::: Recorded data :::

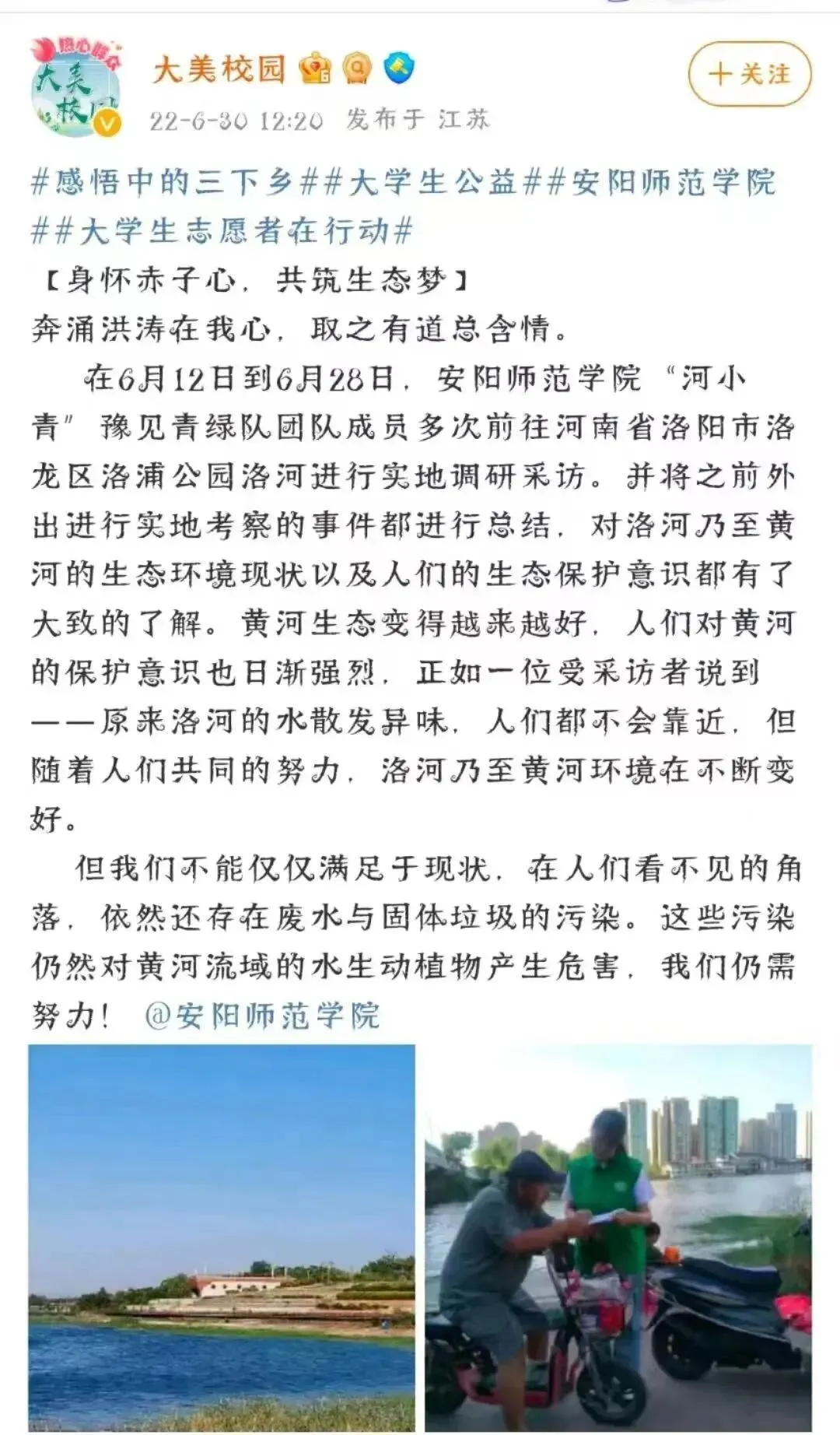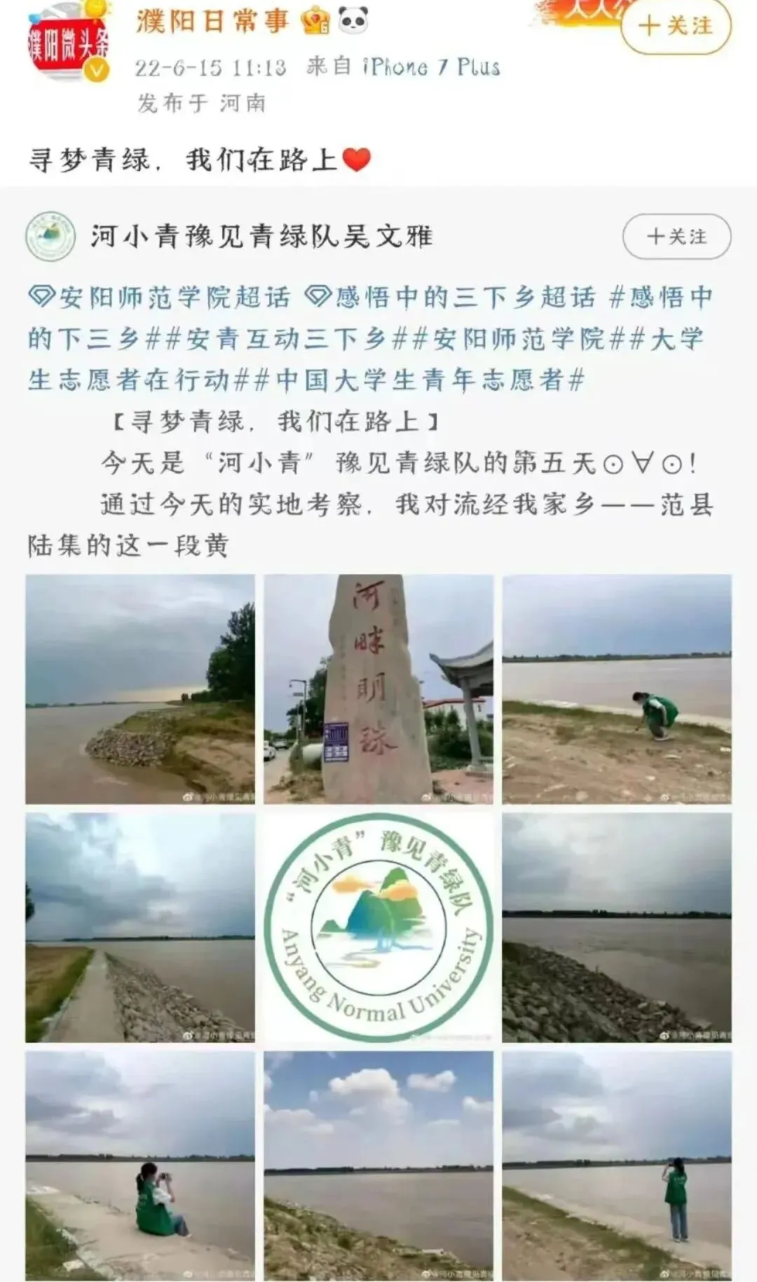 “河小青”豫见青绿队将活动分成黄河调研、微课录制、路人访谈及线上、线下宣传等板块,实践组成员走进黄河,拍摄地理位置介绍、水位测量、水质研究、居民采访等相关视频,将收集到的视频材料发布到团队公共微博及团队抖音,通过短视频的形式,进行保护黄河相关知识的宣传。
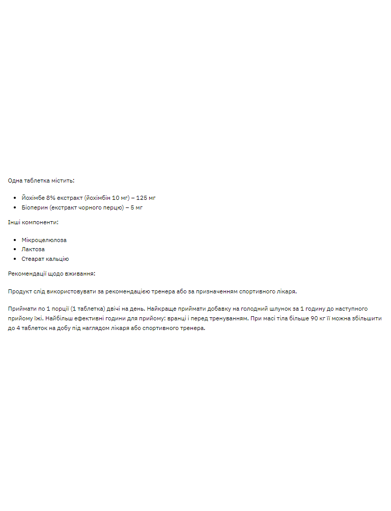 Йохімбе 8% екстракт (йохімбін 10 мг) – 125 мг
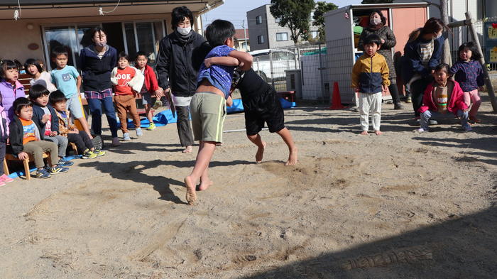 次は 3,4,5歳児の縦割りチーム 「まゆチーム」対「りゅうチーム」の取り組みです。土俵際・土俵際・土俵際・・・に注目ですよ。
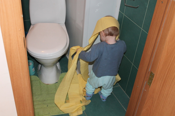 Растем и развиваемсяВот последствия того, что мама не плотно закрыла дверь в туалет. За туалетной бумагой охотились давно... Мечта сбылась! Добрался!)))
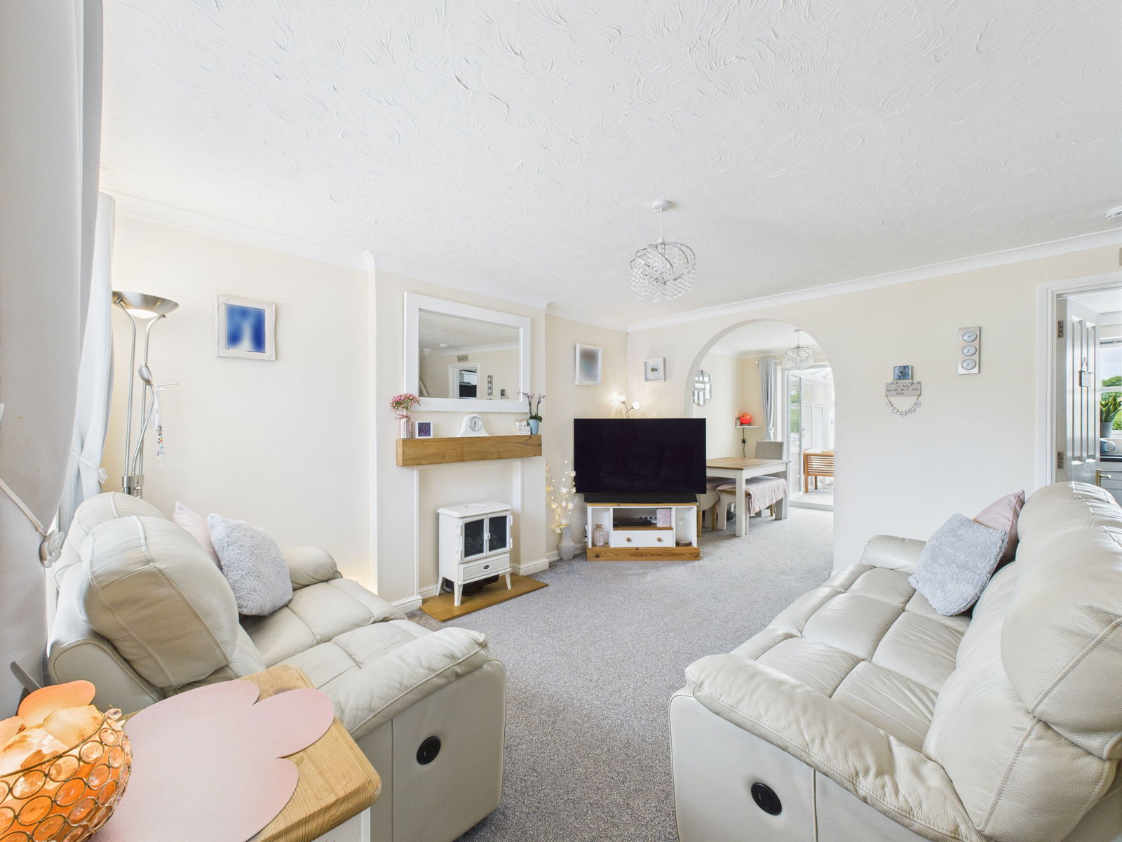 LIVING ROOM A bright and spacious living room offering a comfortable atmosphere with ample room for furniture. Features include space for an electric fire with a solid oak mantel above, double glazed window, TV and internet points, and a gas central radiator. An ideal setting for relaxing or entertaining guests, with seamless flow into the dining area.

:::

Activity —
Exactly as they appear above, write out all the entries, without pictures.

Result of this exercise —
 “河小青”豫见青绿队将活动分成黄河调研、微课录制、路人访谈及线上、线下宣传等板块,实践组成员走进黄河,拍摄地理位置介绍、水位测量、水质研究、居民采访等相关视频,将收集到的视频材料发布到团队公共微博及团队抖音,通过短视频的形式,进行保护黄河相关知识的宣传。
 Йохімбе 8% екстракт (йохімбін 10 мг) – 125 мг
 次は 3,4,5歳児の縦割りチーム 「まゆチーム」対「りゅうチーム」の取り組みです。土俵際・土俵際・土俵際・・・に注目ですよ。
 Растем и развиваемсяВот последствия того, что мама не плотно закрыла дверь в туалет. За туалетной бумагой охотились давно... Мечта сбылась! Добрался!)))
 LIVING ROOM A bright and spacious living room offering a comfortable atmosphere with ample room for furniture. Features include space for an electric fire with a solid oak mantel above, double glazed window, TV and internet points, and a gas central radiator. An ideal setting for relaxing or entertaining guests, with seamless flow into the dining area.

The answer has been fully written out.